While this foray into alternative television formats recalls what Harmon used to do, it also seems somewhat strained. Not only is it odd that Abed’s deeper happy place is a cartoon about babies, a type of show that, while mirroring Abed’s regression, is a far cry from his standard science fiction and sitcom favorites, but these segments also lack the most essential element of their precursors: self-reflexivity. While the claymation episode drew direct attention to the shift in medium through clever references and asides, this episode simply transports the characters into other formats, without the benefit of such witty commentary.
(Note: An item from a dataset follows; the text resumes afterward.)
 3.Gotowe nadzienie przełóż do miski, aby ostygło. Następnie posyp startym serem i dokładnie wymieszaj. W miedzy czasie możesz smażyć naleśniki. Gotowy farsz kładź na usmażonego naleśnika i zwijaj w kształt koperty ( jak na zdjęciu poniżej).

But perhaps the strangest departure from the original show is the “New Jeff”. Jeff Winger (Joel McHale) has long been a classic narcissist and womanizer, his habitual cynicism and arrogance usually manifested in biting but hilarious remarks. Yet in this episode, he selflessly competes in the “Hunger Deans” on behalf of his friends (disappointingly without shouting “I volunteer!”) to get them all into the coveted “History of Ice Cream” class, and so “New Jeff” is deprived of the typical sleaziness that was so essential to his character. One can only hope that in the future this quest for self-betterment will present a far more significant or at least humorous struggle for the once compulsively callous Jeff.
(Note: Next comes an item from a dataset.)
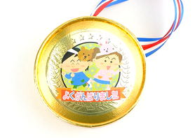 出典:yy-okashi.com運動会や学芸会、パーティなどイベントに合わせてオリジナルのメダルが作れます。こちらも直径11cmの箱の中にお菓子が入れられます。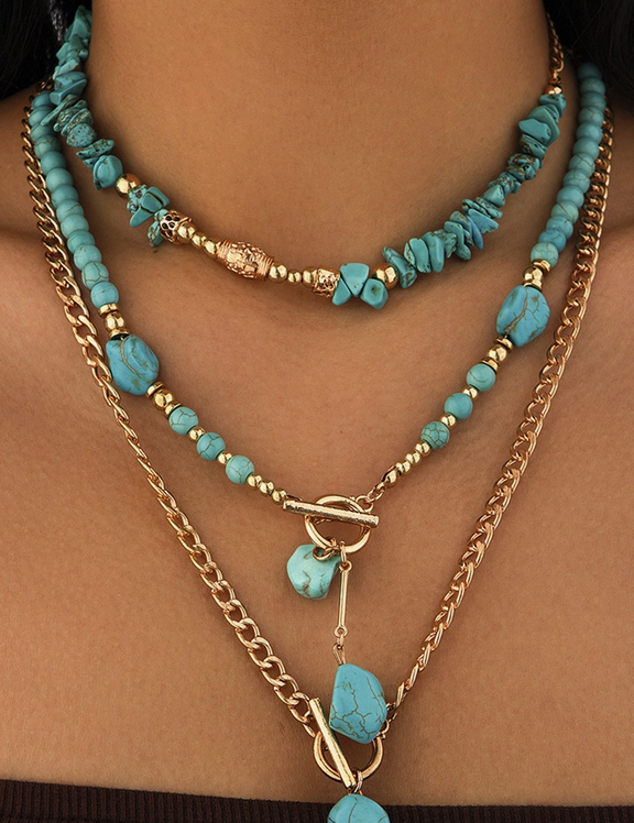 Plated Toggle Clasp Turquoise Cable Chain Layered Necklace

That said, the “Hunger Deans” do provide some of the wackiness we know and love, especially Dean Pelton’s grand entrance. In fact, the episode may have been more successful if it dedicated more time to the ludicrous games, most of which are only displayed in a montage of short clips. The sheer passion we saw in the great “Pillows and Blankets” battle of season three could have heightened the humor here, emphasizing just how seriously the Greendale students take the “Hunger Deans”.

Instead, the potential for humor outside of the Games is repeatedly squashed by scattered and uneventful side stories. The majority of the episode consists of discrete subplots, including Troy’s (Donald Glover) blossoming romance with Britta (Gillian Jacobs) and his incipient estrangement from Abed, and Annie’s (Alison Brie) feigned senioritis and prankster partnership with Shirley (Yvette Nicole Brown). Pierce spends the whole episode doing literally nothing, his failure to devise a joke about “balls” serving as filler. While all of these side stories do make small contributions to the episode’s overarching theme — change — they reduce the complexity we have grown to expect from Community.

Community has been an underappreciated gem for the past three years, but its fourth season premiere is sadly lackluster. But if the Dean’s episode-ending prediction isn’t entirely convincing, it could be that Guarascio and Port just need more time. Although “History 101” dulls the former sharpness of the series, it retains some remnants of its essential nature. If the new showrunners can capitalize on the old show’s best tendencies, they may just have a shot at guiding us through “Six Seasons and a Movie”.